*** Opening SUPPLIED INFORMATION ***

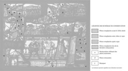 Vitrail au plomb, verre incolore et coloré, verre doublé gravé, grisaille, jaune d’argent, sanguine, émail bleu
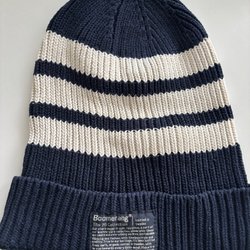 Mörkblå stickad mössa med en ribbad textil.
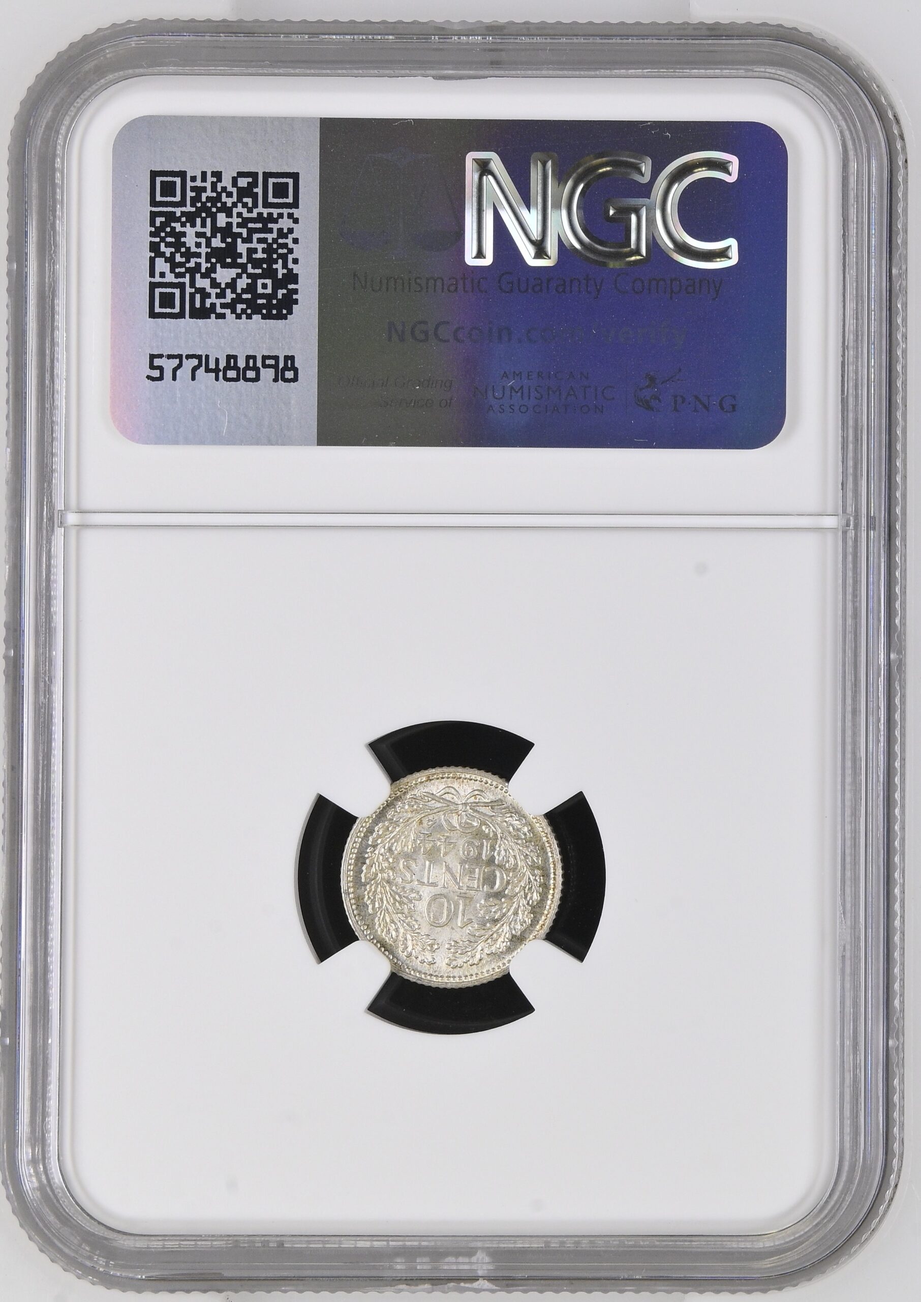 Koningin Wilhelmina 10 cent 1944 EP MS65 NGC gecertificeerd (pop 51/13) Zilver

*** Closing SUPPLIED INFORMATION ***
*** Opening SUPPLIED INFORMATION ***

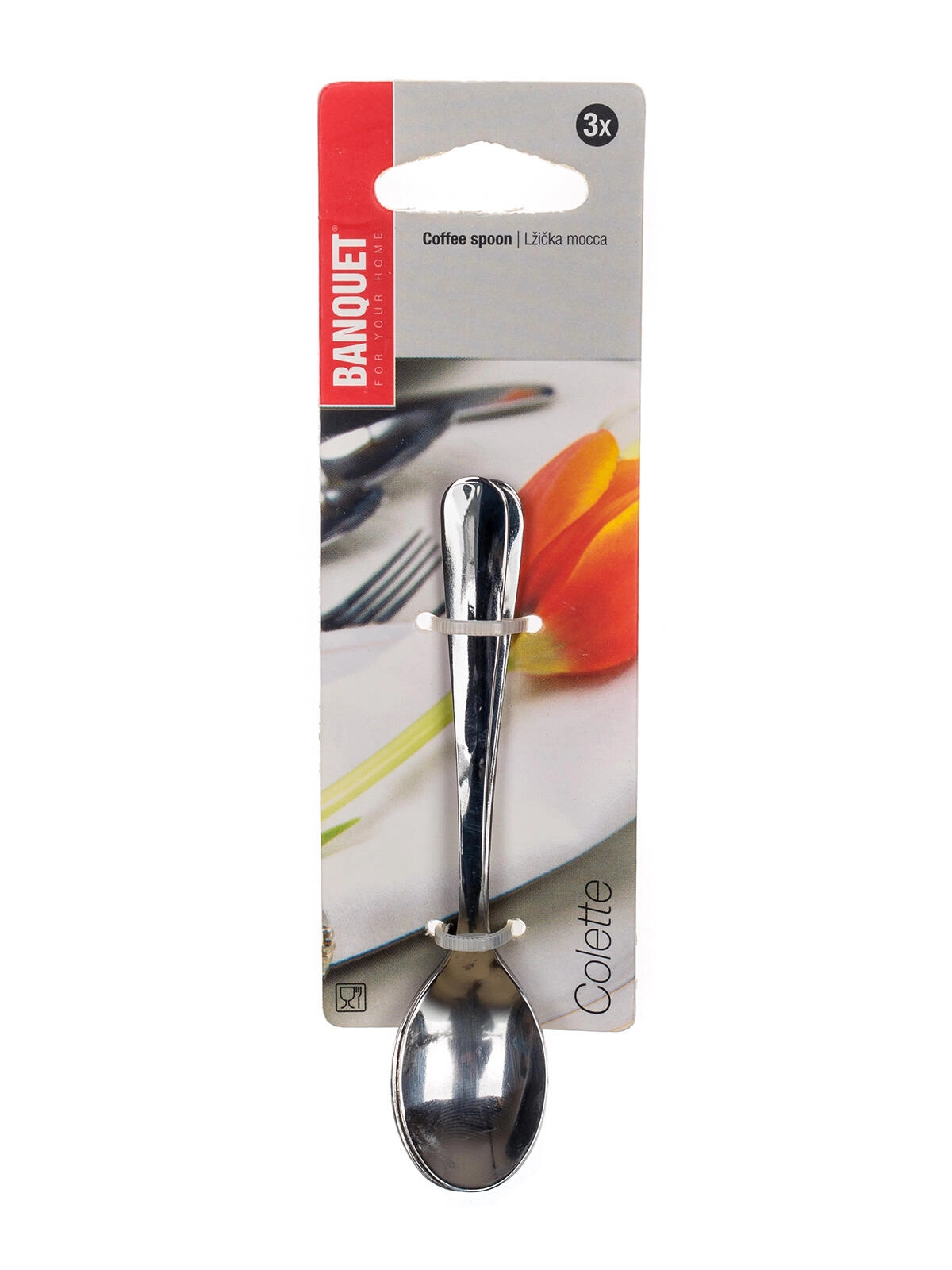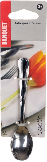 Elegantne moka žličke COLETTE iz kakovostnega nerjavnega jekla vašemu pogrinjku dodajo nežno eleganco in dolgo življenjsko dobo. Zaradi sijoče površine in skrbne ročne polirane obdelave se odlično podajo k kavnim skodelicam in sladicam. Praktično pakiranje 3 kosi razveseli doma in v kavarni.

*** Closing SUPPLIED INFORMATION ***

# WHAT THE TASK ASKS:
Only the lines above starting with the line with "Vitrail au plomb, verre" and going on through the line with "Koningin Wilhelmina 10" belong in the answer; repeat them exactly, minus any picture.

# SOLUTION:
 Vitrail au plomb, verre incolore et coloré, verre doublé gravé, grisaille, jaune d’argent, sanguine, émail bleu
 Mörkblå stickad mössa med en ribbad textil.
 Koningin Wilhelmina 10 cent 1944 EP MS65 NGC gecertificeerd (pop 51/13) Zilver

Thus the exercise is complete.